Starting at the first line of the entries below, please return exactly each line up to and including the one with "Most people like"; pictures stay out.

Start of Source data

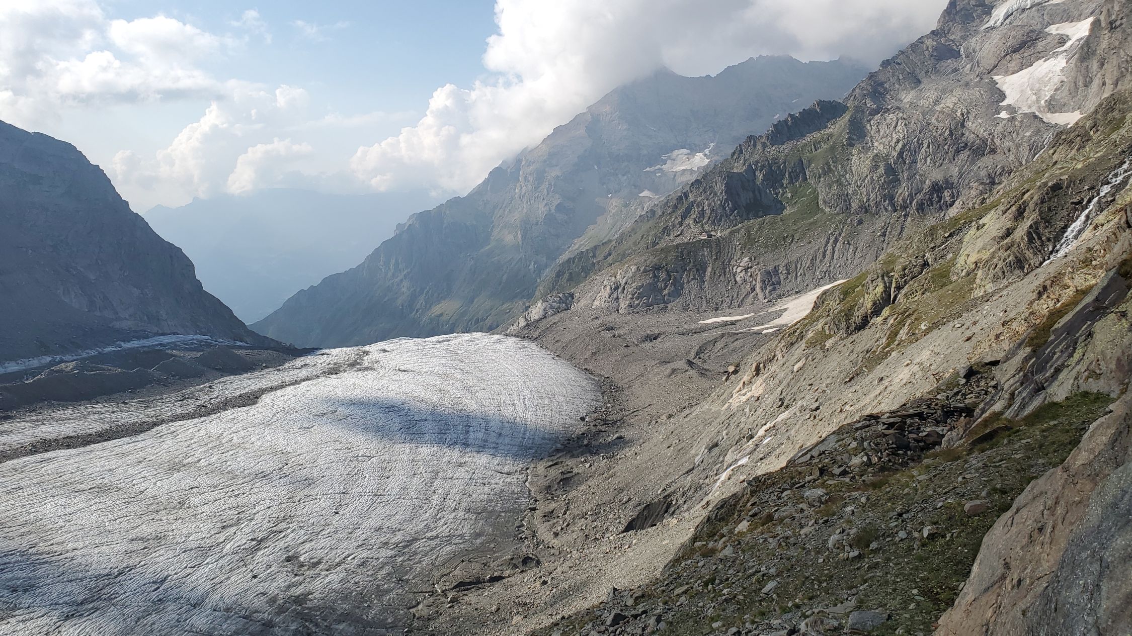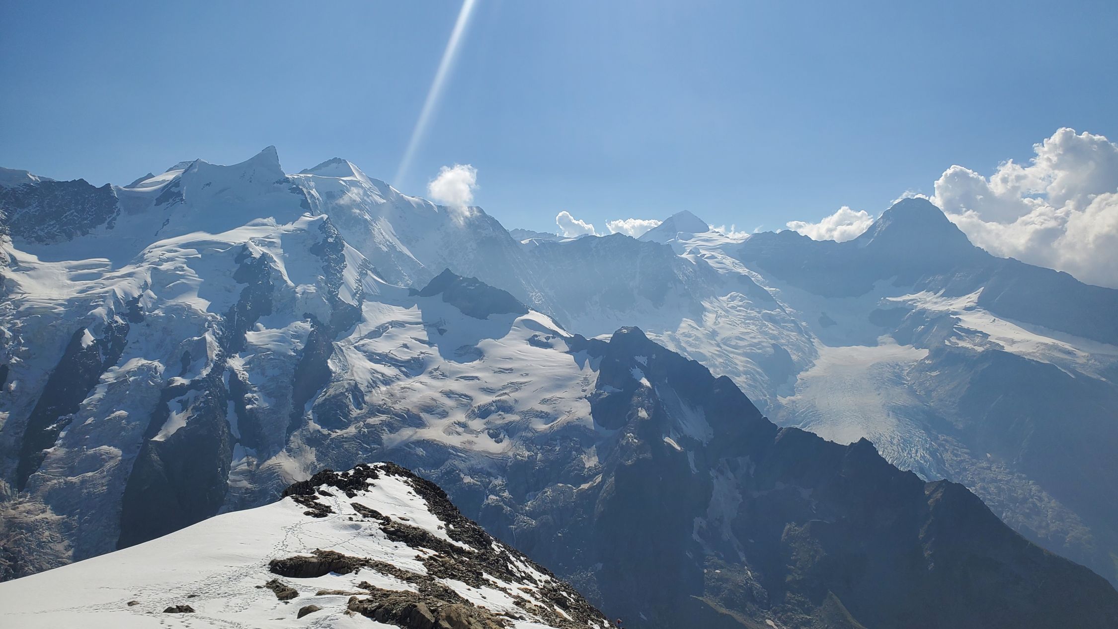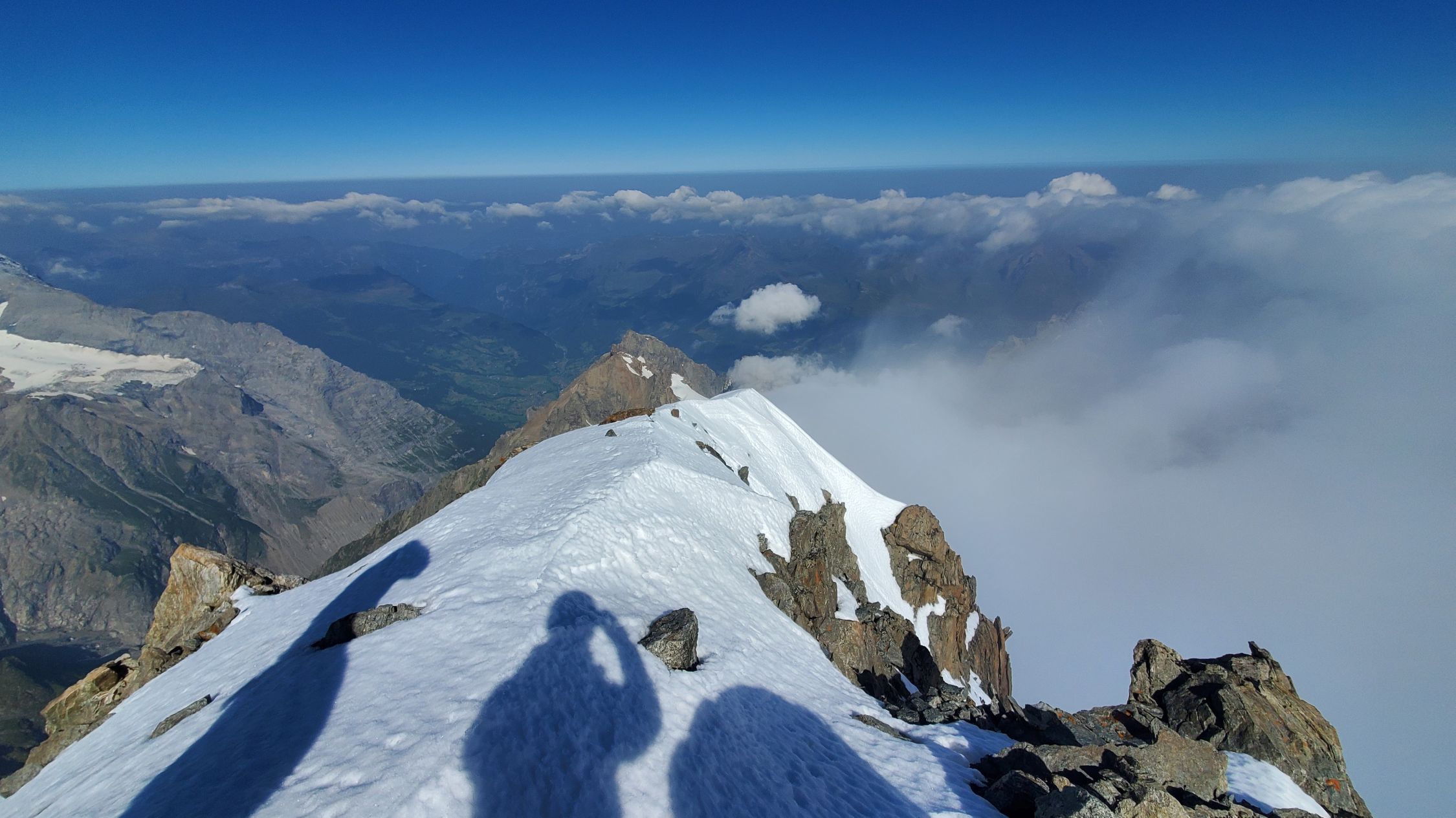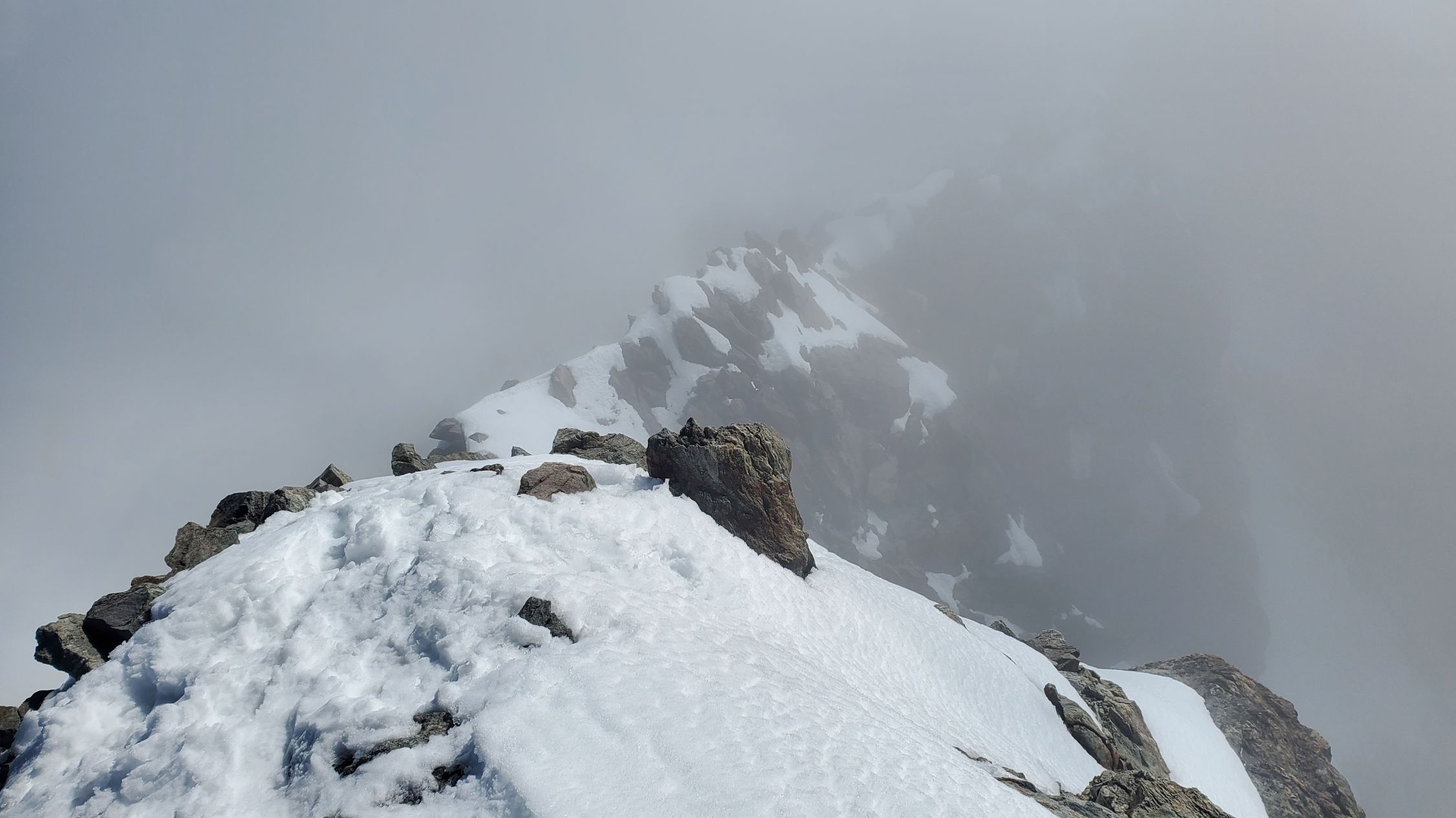 gute Verhältnisse, es hatte noch einiges an Restschnee, v.a. auf der Schulter - insbesondere im Abstieg könnte dieser aufgrund der Erwärmung heikel werden, ging bei uns aber ganz gut; Klettern nach dem Gletscher bis zum Gipfel ohne Steigeisen möglich, macht aktuell mit auch keinen Sinn; beim Einstieg anders als wie in der Routenbeschreibung weiter links in den Fels eingestiegen (hier gibt es auch für den Abstieg eine Abseilpiste);
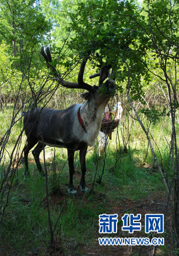 6月22日,敖魯古雅使鹿部落景區(qū),正在啃樹葉的馴鹿。新華網(wǎng) 張敏彥攝
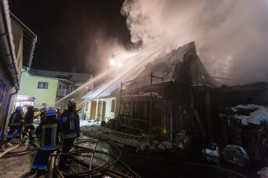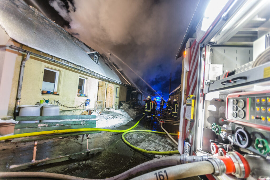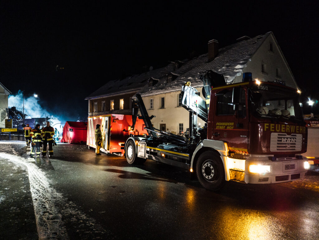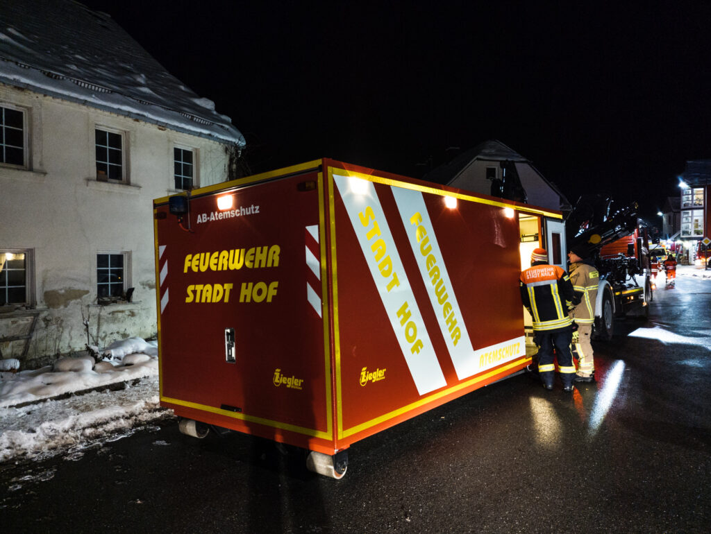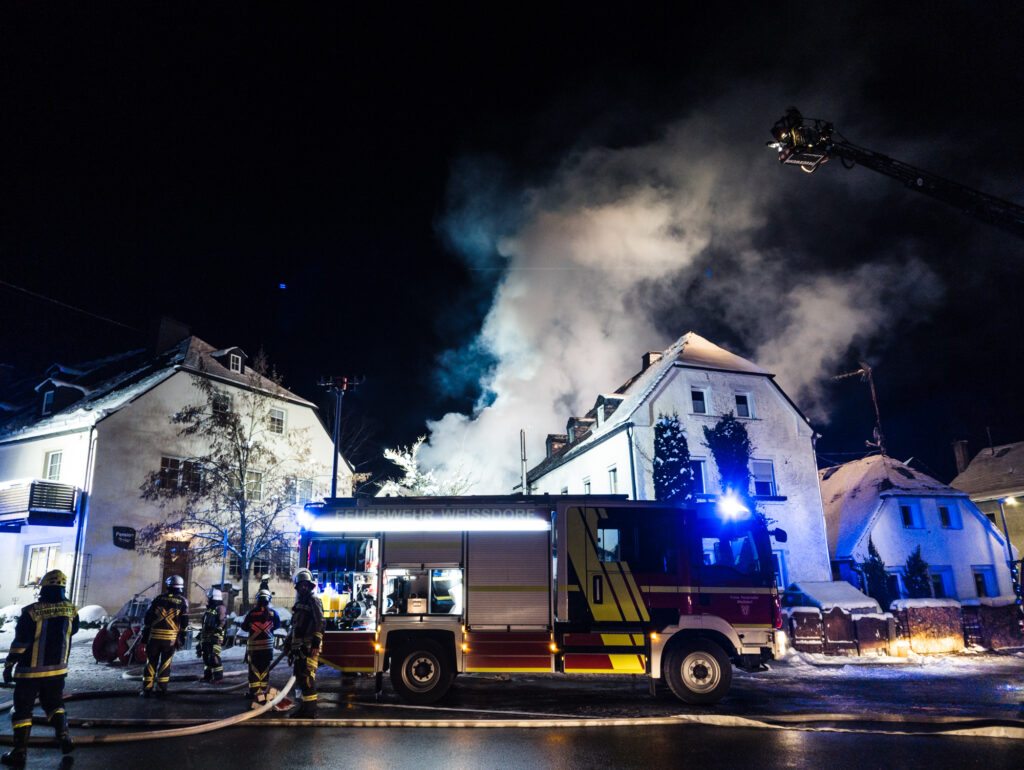 Sofort wurde mit dem Löschangriff begonnen, um die Ausbreitung einzudämmen. Außerdem erfolgten Nachalarmierungen für eine zweite Drehleiter, die Atemschutzsammelstelle samt dem Löschzug 5 und weitere umliegende Feuerwehren zur Sperrung der Straßen nach Weissdorf.
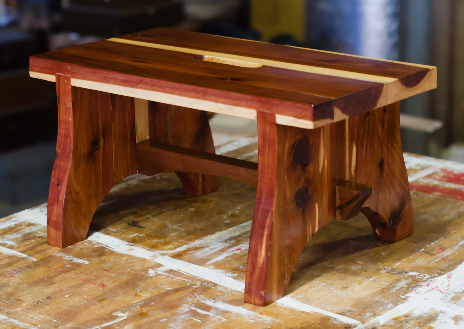 Most people like the colors in cedar, and this step-stool should garner a good price when it goes to a charity auction.
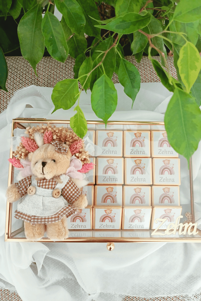 Çiçek Süslemeli - Peluş Ayıcıklı Cam kutuda 50' li Madlen Çikolata
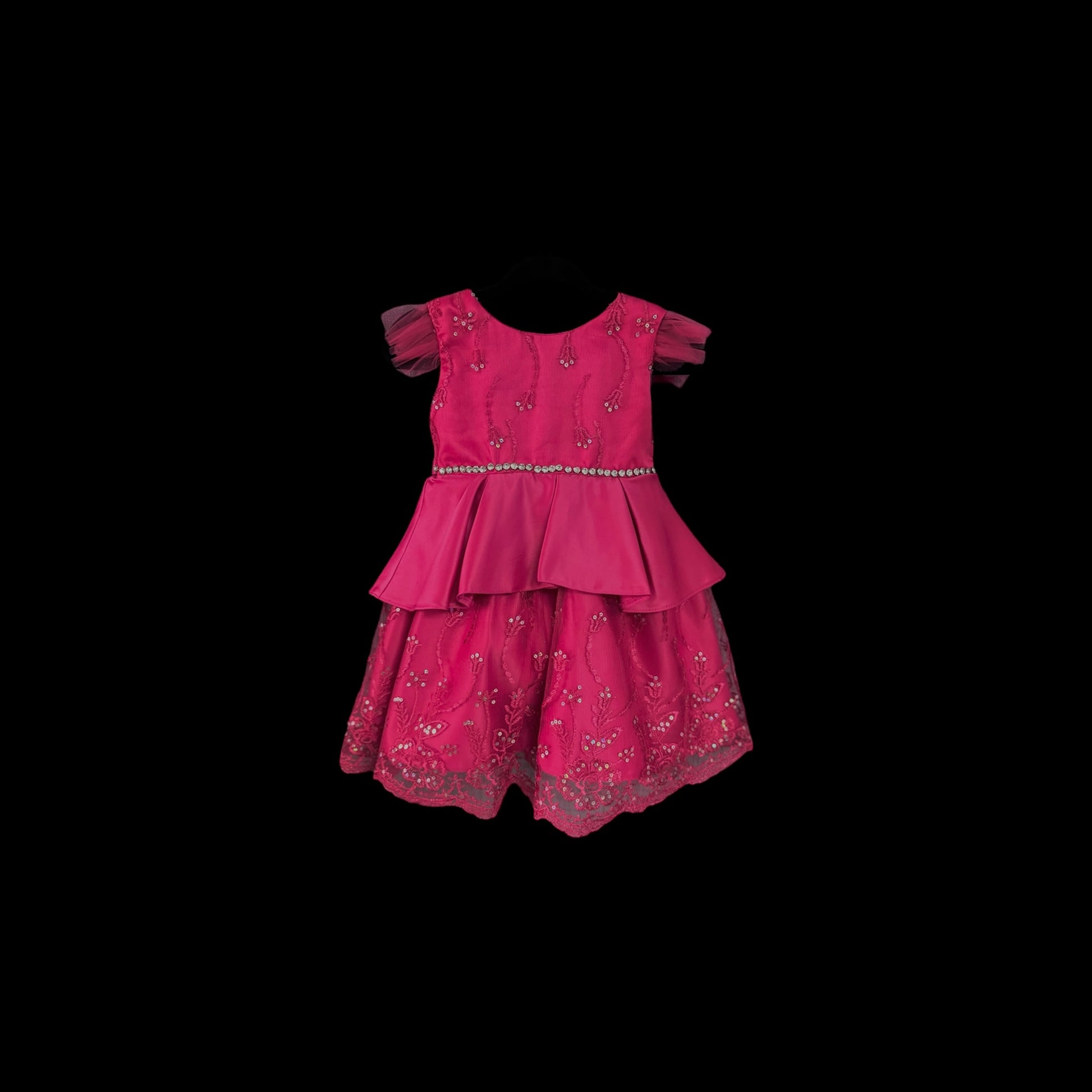 Dress your little one in timeless elegance with this stunning fuchsia dress for baby girls, perfect for weddings, birthdays, and special occasions. The satin bodice features delicate sequin embroidery, adding just the right amount of sparkle. A rhinestone sash at the waist enhances the look and leads into a layered satin peplum over a voluminous embroidered organza tulle skirt. The crinoline underlayer and soft lining provide extra fullness and comfort, ensuring a graceful silhouette. Designed with a convenient zipper closure and an adjustable tie-back sash, this dress combines style with ease of wear. Crafted with care by Fancy Kids, it is a picture-perfect choice for any celebration.
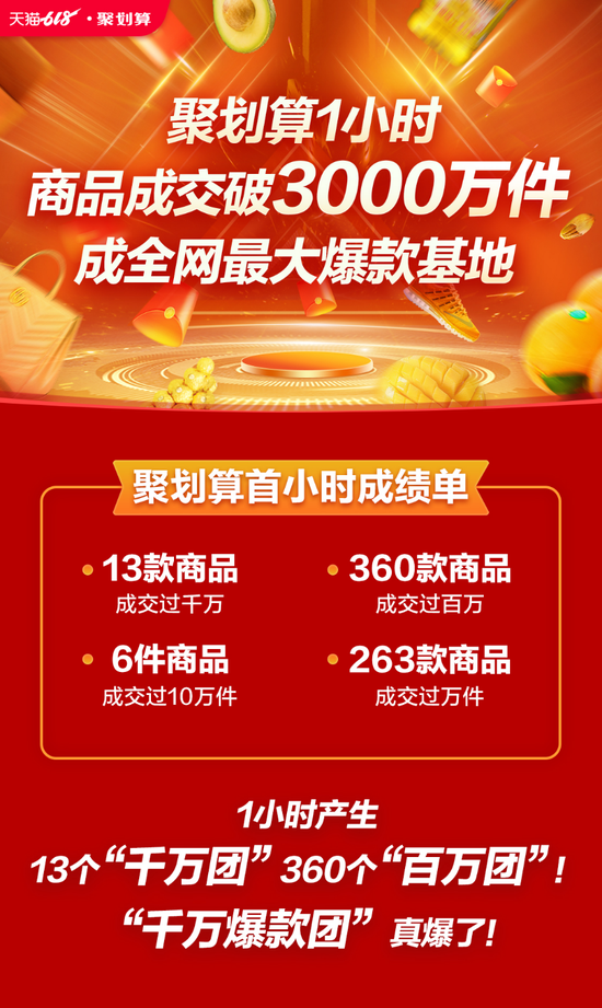 聚划算的全面加入,成为带动天猫618成交增长的关键引擎。今年3月,聚划算打通淘宝和天猫营销平台,成为整个大淘系最重要的营销工具,在天猫618中,聚划算推出的最大玩法“千万爆款团”,今天零点受到消费者热烈追捧,一小时内,13款商品成交过千万元,360款商品成交过百万元,而聚划算这一营销通道整体的商品成交,更超过3000万件。

End of Source data

### Your solution
 gute Verhältnisse, es hatte noch einiges an Restschnee, v.a. auf der Schulter - insbesondere im Abstieg könnte dieser aufgrund der Erwärmung heikel werden, ging bei uns aber ganz gut; Klettern nach dem Gletscher bis zum Gipfel ohne Steigeisen möglich, macht aktuell mit auch keinen Sinn; beim Einstieg anders als wie in der Routenbeschreibung weiter links in den Fels eingestiegen (hier gibt es auch für den Abstieg eine Abseilpiste);
 6月22日,敖魯古雅使鹿部落景區(qū),正在啃樹葉的馴鹿。新華網(wǎng) 張敏彥攝
 Sofort wurde mit dem Löschangriff begonnen, um die Ausbreitung einzudämmen. Außerdem erfolgten Nachalarmierungen für eine zweite Drehleiter, die Atemschutzsammelstelle samt dem Löschzug 5 und weitere umliegende Feuerwehren zur Sperrung der Straßen nach Weissdorf.
 Most people like the colors in cedar, and this step-stool should garner a good price when it goes to a charity auction.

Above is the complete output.